Mountain in Oregon, United States

Mount Nebo is a 8261 ft mountain in the Eagle Cap Wilderness of Oregon, in the United States. Named after the biblical Mount Nebo overlooking Israel, which is said to be the place of Moses' death. It is the centerpiece of the Imnaha Divide, inside the Wallowa–Whitman National Forest. Mount Nebo is one of the important areas where sheep and cattle graze throughout Eagle Cap Wilderness.

==Location==
Mount Nebo is located in the northern ridge of the Imnaha Divide, approximately 2 miles North of the confluence of the north and south forks of the Imnaha River. The slopes and meadows that surround Mount Nebo reach towards the Tenderfoot Wagon Road and Mine south of McCully Basin.

==Ecology==
Mount Nebo has an open grassy south-facing slope.
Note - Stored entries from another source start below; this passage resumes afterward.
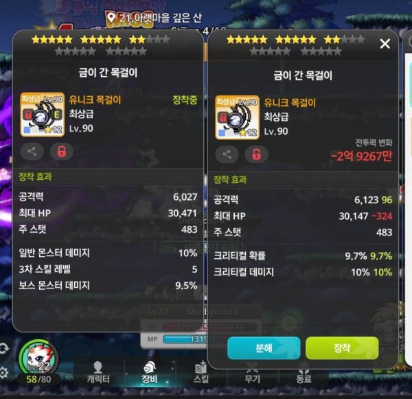 👉 아이템 : '금이 간 목걸이' 비교 결과, 오른쪽을 추천합니다! 🔍 아이템 상세 비교 왼쪽 : 총 공격력 6,600, 데미지 17.7% 🔥 오른쪽 : 총 공격력 6,110, 크리티컬 데미지 9.6%, 보스 몬스터 데미지 9.1% 💡 분석 코멘트 오른쪽 아이템은 총 공격력은 약간 낮지만, 크리티컬 데미지 옵션이 있어서 훨씬 강력합니다. 딜 상승에 큰 …
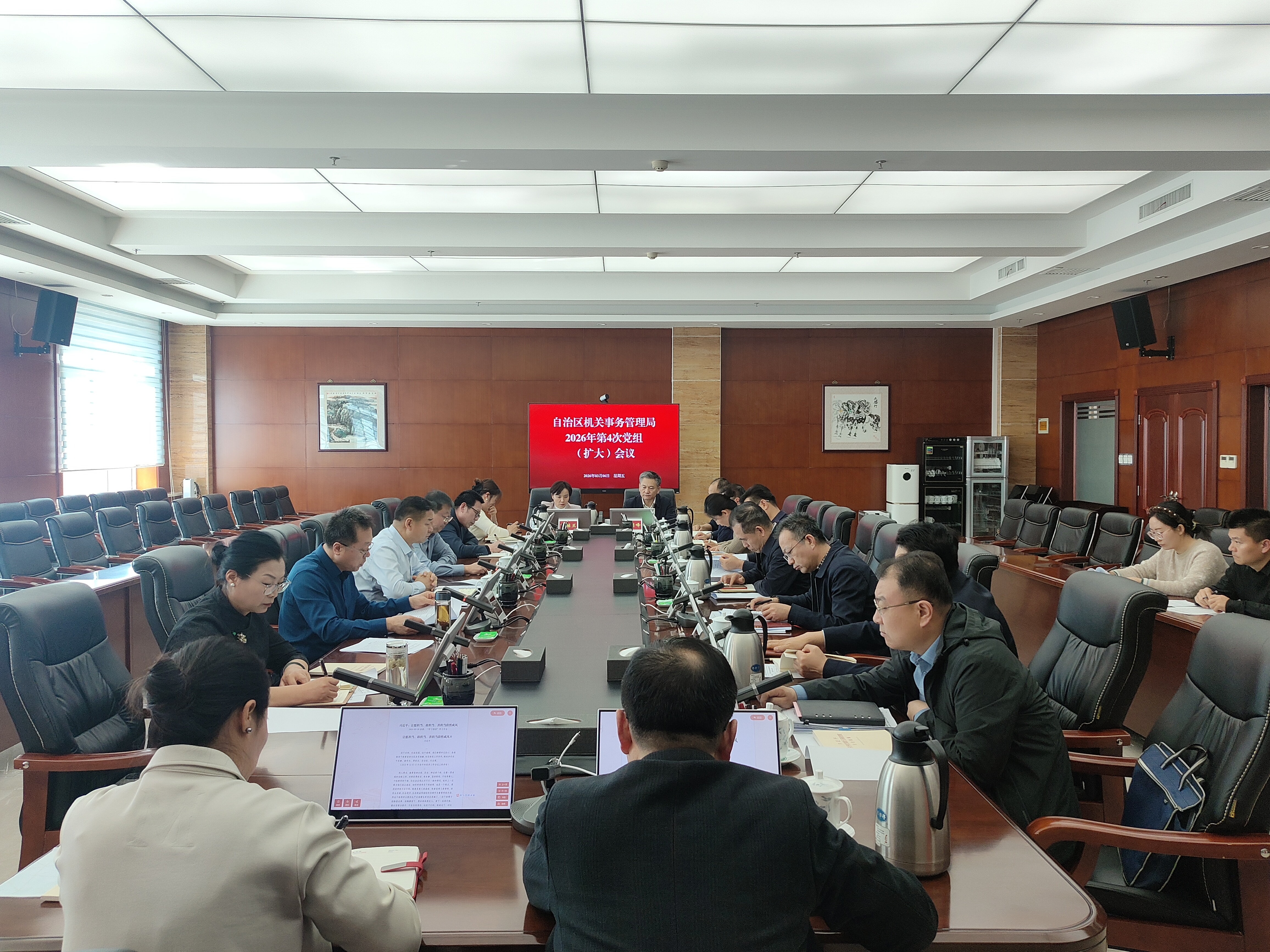 3月6日,自治区机关事务管理局召开党组(扩大)会议,传达学习了习近平总书记重要文章《让愿担当、敢担当、善担当蔚然成风》和关于树立和践行正确政绩观的重要论述、中央党的建设工作领导小组会议、自治区党委党的建设领导小组(扩大)会议及有关通知精神,审议了《自治区机关事务管理局树立和践行正确政绩观学习教育工作清单》,对局系统开展树立和践行正确政绩观学习教育工作进行动员部署。局党组成员、各处室(单位)负责同志参加会议。
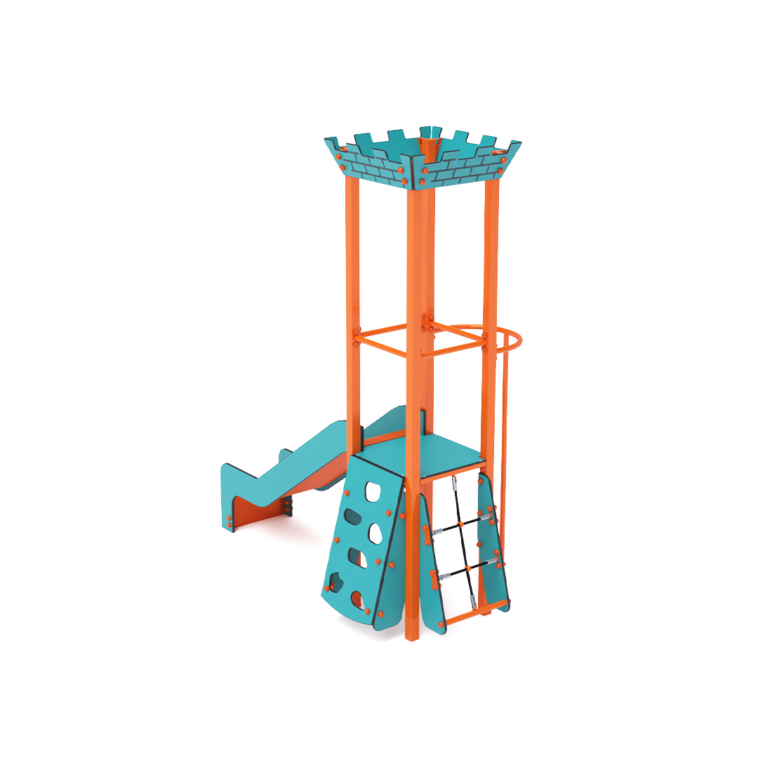 Single-tower combined mini playset – a tower with battlements that children can climb using the stairway and slide down via the slide. The turquoise-orange design invites play even from a distance. The steel structure is weather-resistant thanks to hot-dip galvanizing and a durable powder-coated finish. The HPL material used is chemically resistant, UV-stable – colorfast, non-toxic, recyclable, and unbreakable. This eliminates the risk of injury from sharp edges or fragments. All joints are made of stainless steel and covered with plastic caps to enhance durability and safety.
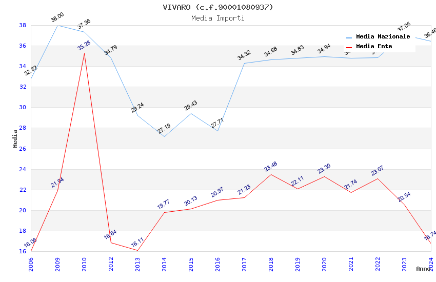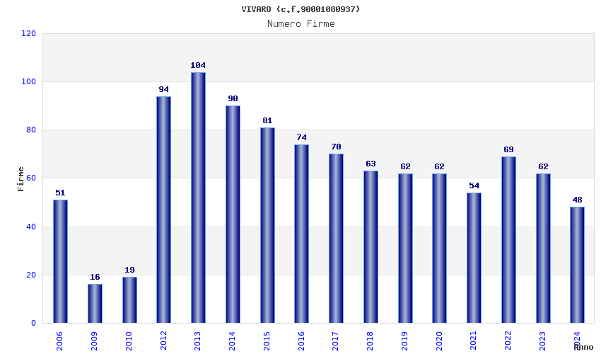 | Anno | Firme | Importi | Media | Naz. | Reg. | Prov. | Comu. |

It was a target of a significant fire in the early 1900s. Since then, mountain big sagebrush has invaded most of the open grassy slope. Stands of subalpine fir mixed with Engelmann spruce, scattered lodgepole pine and small pockets of whitebark pine near the summit are the most notorious trees on the mountain and its surrounding ridges.

==Lookout tower==
Several fire lookout towers were built in the early 1900s throughout the Wallowa–Whitman National Forest. Mount Nebo had a lookout tower and 10x10 cabin built in the 1920s. Maintenance and cabin occupation was reported through the 1950s. The tower and the cabin were removed in the 1970s.